■ **Try it**
Please repeat the whole listing exactly, but leave out any picture it holds.

■ **Record excerpts**
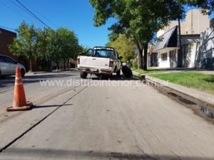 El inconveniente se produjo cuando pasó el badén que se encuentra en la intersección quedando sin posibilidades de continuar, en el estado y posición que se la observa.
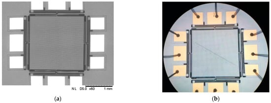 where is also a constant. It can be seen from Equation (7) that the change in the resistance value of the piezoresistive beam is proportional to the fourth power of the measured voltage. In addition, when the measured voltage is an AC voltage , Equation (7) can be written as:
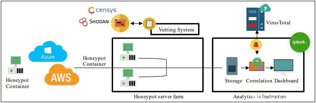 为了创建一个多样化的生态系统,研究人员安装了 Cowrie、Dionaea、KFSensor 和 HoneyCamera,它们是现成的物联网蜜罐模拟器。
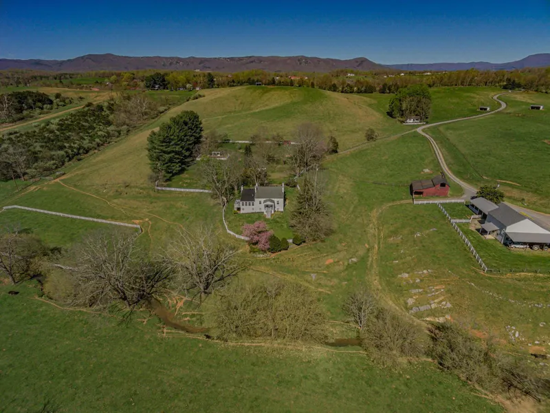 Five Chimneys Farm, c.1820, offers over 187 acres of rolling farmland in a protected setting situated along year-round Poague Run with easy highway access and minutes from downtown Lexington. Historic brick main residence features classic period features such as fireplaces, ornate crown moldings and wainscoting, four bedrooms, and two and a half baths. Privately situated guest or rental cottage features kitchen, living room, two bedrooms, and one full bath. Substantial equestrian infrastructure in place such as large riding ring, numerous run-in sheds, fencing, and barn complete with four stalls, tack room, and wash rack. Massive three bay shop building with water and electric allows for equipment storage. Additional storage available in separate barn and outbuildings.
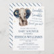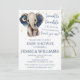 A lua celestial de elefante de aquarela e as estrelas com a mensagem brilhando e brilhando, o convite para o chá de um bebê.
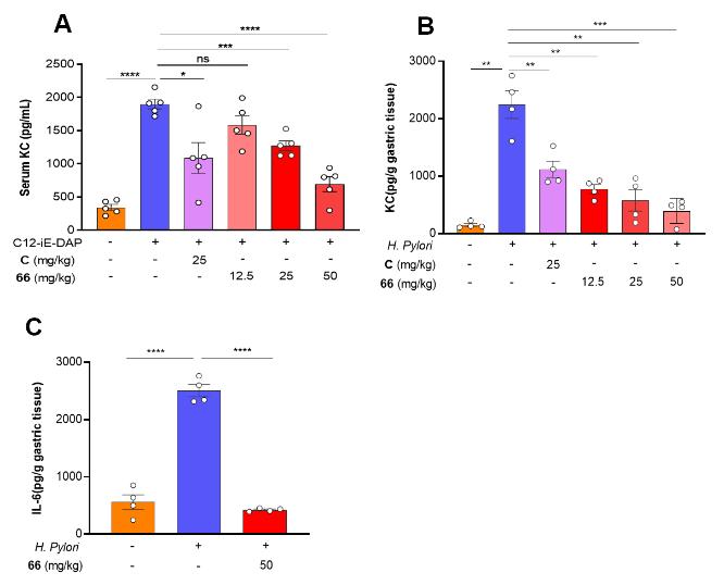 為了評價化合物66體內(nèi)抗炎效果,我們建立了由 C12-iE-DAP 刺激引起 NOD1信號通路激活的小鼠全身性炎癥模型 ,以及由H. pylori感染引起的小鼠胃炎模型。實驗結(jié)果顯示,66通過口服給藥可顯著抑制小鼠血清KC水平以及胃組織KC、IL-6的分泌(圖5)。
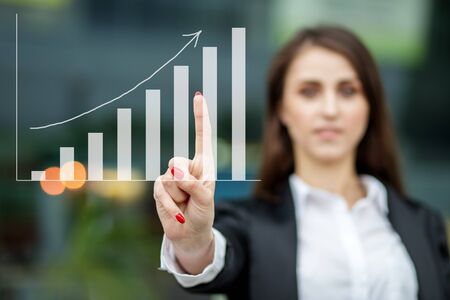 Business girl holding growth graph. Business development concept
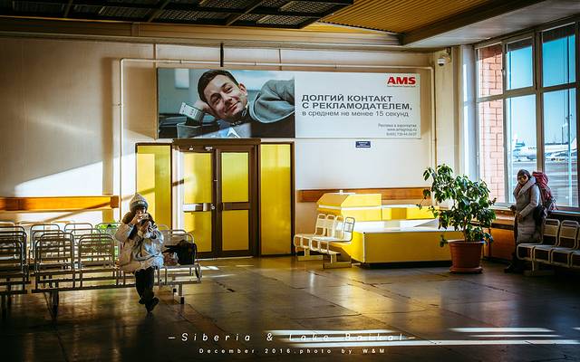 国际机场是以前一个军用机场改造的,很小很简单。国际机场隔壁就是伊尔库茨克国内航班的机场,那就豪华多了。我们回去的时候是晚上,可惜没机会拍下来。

■ **Completed task**
 El inconveniente se produjo cuando pasó el badén que se encuentra en la intersección quedando sin posibilidades de continuar, en el estado y posición que se la observa.
 where is also a constant. It can be seen from Equation (7) that the change in the resistance value of the piezoresistive beam is proportional to the fourth power of the measured voltage. In addition, when the measured voltage is an AC voltage , Equation (7) can be written as:
 为了创建一个多样化的生态系统,研究人员安装了 Cowrie、Dionaea、KFSensor 和 HoneyCamera,它们是现成的物联网蜜罐模拟器。
 Five Chimneys Farm, c.1820, offers over 187 acres of rolling farmland in a protected setting situated along year-round Poague Run with easy highway access and minutes from downtown Lexington. Historic brick main residence features classic period features such as fireplaces, ornate crown moldings and wainscoting, four bedrooms, and two and a half baths. Privately situated guest or rental cottage features kitchen, living room, two bedrooms, and one full bath. Substantial equestrian infrastructure in place such as large riding ring, numerous run-in sheds, fencing, and barn complete with four stalls, tack room, and wash rack. Massive three bay shop building with water and electric allows for equipment storage. Additional storage available in separate barn and outbuildings.
 A lua celestial de elefante de aquarela e as estrelas com a mensagem brilhando e brilhando, o convite para o chá de um bebê.
 為了評價化合物66體內(nèi)抗炎效果,我們建立了由 C12-iE-DAP 刺激引起 NOD1信號通路激活的小鼠全身性炎癥模型 ,以及由H. pylori感染引起的小鼠胃炎模型。實驗結(jié)果顯示,66通過口服給藥可顯著抑制小鼠血清KC水平以及胃組織KC、IL-6的分泌(圖5)。
 Business girl holding growth graph. Business development concept
 国际机场是以前一个军用机场改造的,很小很简单。国际机场隔壁就是伊尔库茨克国内航班的机场,那就豪华多了。我们回去的时候是晚上,可惜没机会拍下来。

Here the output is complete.